## Given entries
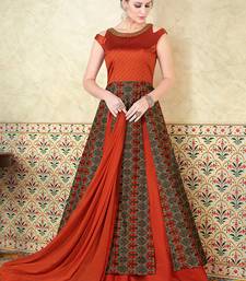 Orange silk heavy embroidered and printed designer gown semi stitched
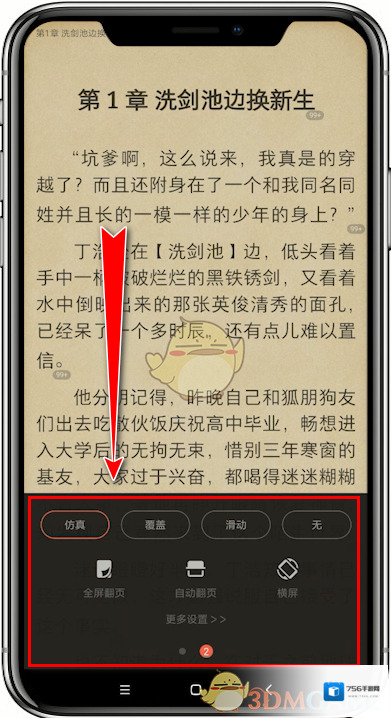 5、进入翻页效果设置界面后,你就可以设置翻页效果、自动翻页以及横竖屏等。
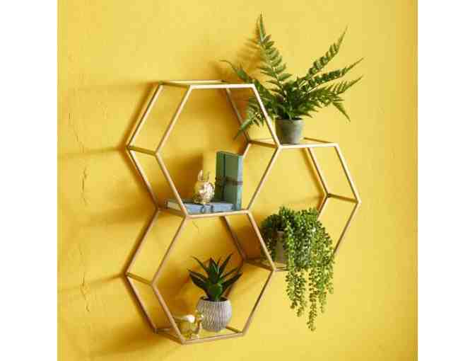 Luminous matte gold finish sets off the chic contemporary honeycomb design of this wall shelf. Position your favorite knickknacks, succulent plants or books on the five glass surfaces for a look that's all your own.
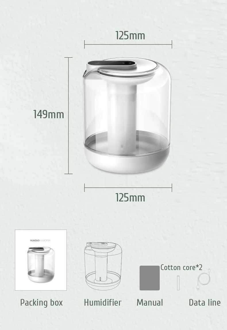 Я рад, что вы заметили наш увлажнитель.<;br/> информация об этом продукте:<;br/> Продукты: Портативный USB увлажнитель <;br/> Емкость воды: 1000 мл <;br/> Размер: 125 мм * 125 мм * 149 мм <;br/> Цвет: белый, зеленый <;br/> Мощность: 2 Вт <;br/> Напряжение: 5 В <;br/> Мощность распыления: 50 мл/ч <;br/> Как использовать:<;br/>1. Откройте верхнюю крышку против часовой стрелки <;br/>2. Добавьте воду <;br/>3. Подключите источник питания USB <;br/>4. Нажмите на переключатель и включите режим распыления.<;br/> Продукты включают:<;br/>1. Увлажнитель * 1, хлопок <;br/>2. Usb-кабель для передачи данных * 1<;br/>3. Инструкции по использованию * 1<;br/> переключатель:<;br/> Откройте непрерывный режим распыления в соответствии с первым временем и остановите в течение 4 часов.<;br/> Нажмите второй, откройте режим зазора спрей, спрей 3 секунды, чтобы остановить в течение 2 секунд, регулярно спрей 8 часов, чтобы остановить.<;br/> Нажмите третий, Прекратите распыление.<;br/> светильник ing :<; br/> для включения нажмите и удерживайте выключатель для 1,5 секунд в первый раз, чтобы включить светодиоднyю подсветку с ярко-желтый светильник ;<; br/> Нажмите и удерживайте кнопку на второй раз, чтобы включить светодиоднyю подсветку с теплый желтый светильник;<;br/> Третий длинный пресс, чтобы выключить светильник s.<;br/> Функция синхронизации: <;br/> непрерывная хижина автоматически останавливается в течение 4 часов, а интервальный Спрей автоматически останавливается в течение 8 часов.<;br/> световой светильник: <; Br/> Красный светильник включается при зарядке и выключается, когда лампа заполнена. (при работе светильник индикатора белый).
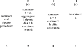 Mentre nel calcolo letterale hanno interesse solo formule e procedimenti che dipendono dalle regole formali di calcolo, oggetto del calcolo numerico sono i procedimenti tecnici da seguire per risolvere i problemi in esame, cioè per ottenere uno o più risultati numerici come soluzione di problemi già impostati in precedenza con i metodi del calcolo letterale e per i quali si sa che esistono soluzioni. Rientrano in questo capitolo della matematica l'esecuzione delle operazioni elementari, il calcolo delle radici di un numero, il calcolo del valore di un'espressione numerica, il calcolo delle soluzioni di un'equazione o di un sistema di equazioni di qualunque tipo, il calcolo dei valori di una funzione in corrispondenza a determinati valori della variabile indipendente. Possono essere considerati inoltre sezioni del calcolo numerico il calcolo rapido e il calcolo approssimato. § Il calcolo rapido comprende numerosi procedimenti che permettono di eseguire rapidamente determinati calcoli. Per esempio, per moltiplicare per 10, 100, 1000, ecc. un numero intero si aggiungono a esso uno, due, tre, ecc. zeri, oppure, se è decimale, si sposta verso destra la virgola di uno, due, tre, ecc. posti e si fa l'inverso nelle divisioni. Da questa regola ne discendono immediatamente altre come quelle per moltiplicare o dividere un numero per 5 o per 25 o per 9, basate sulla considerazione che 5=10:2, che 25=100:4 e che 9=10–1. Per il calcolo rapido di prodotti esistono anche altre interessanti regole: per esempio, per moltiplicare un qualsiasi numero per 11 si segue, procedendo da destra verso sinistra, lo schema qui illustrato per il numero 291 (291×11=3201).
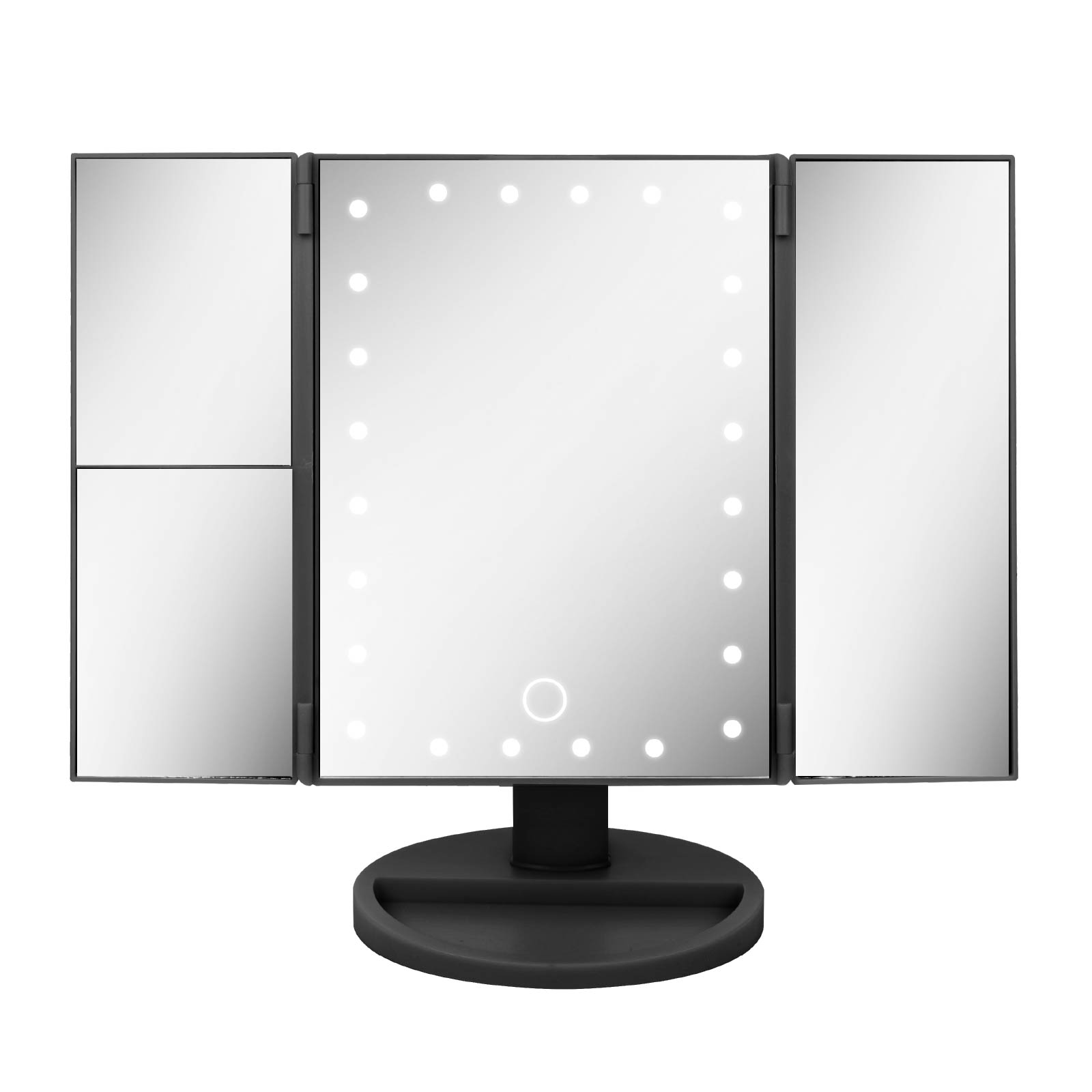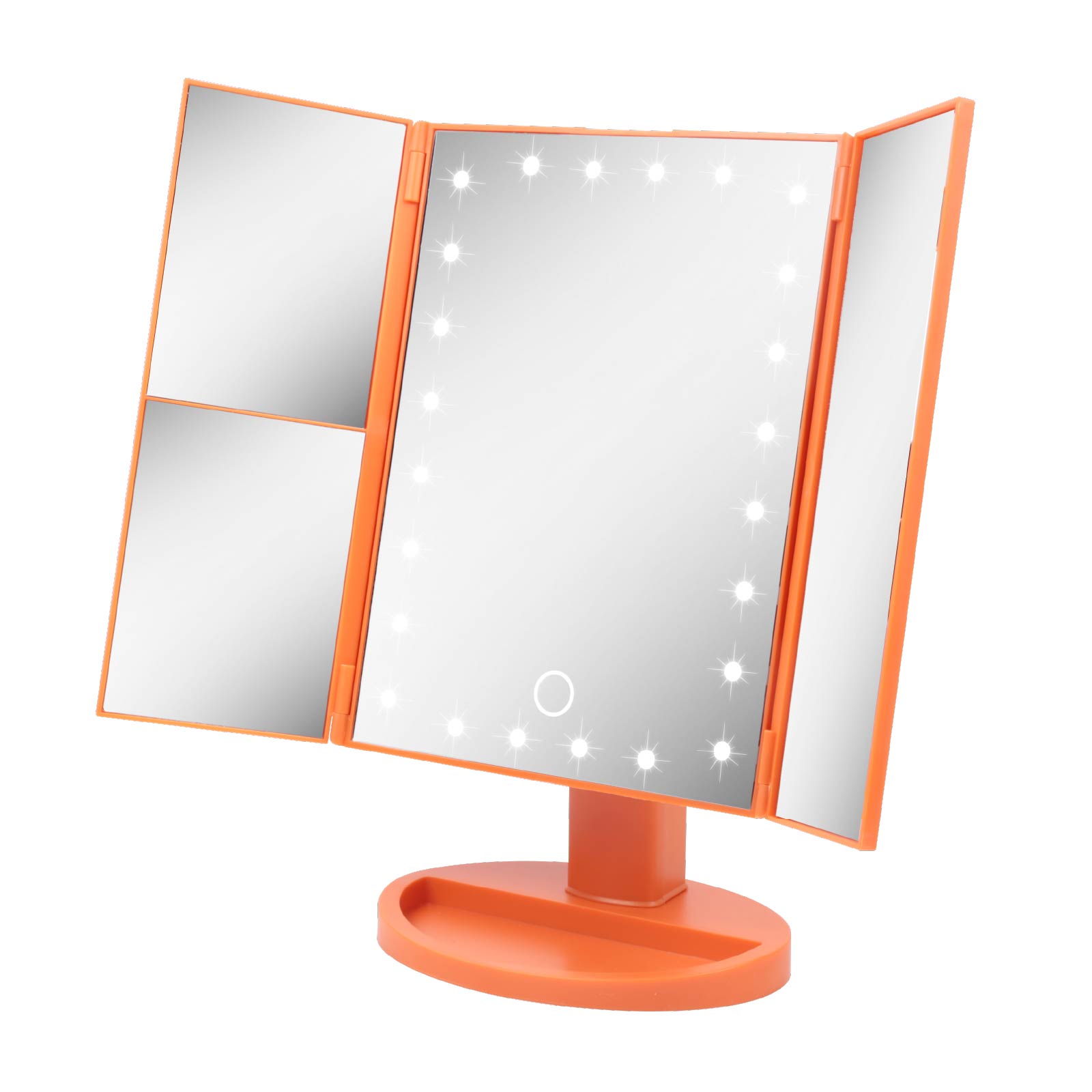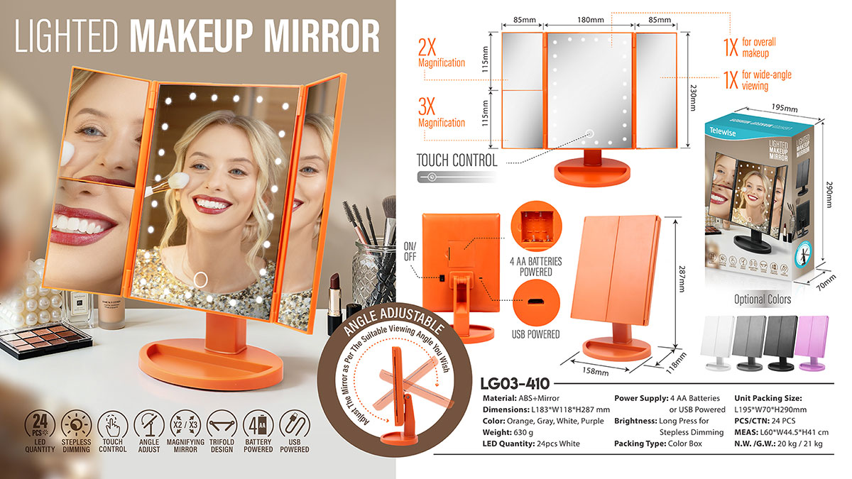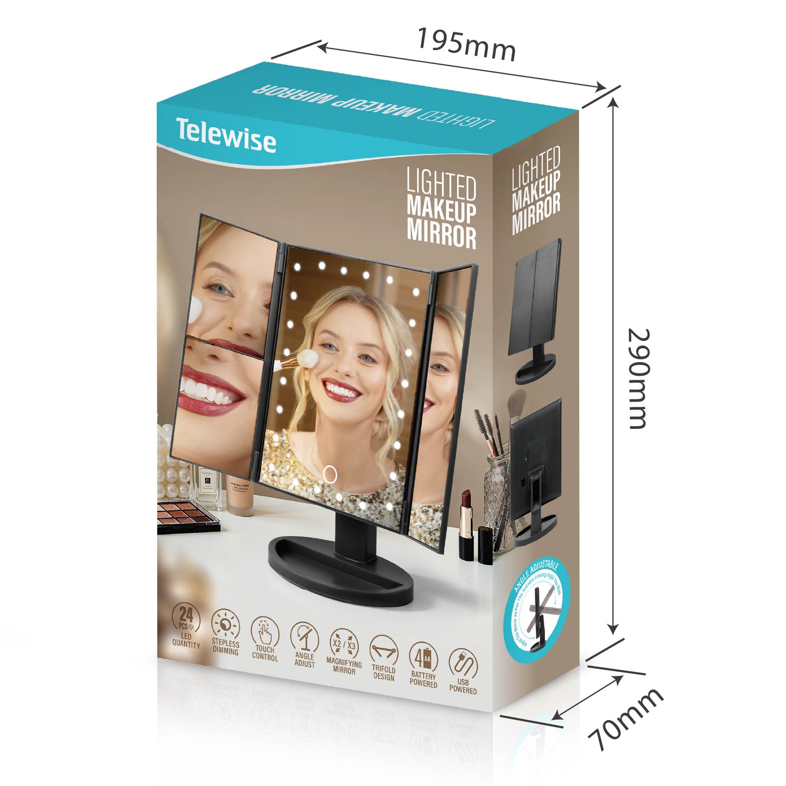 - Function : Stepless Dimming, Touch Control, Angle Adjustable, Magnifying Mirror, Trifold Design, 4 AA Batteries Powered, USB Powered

## Exercise aim
Output exactly the stretch of the listing that begins at the line containing "5、进入翻页效果设置界面后,你就可以设置翻页效果、自动翻页以及横竖屏等。" and ends at the line containing "Luminous matte gold", both kept. Omit pictures and everything else.

## Solution
 5、进入翻页效果设置界面后,你就可以设置翻页效果、自动翻页以及横竖屏等。
 Luminous matte gold finish sets off the chic contemporary honeycomb design of this wall shelf. Position your favorite knickknacks, succulent plants or books on the five glass surfaces for a look that's all your own.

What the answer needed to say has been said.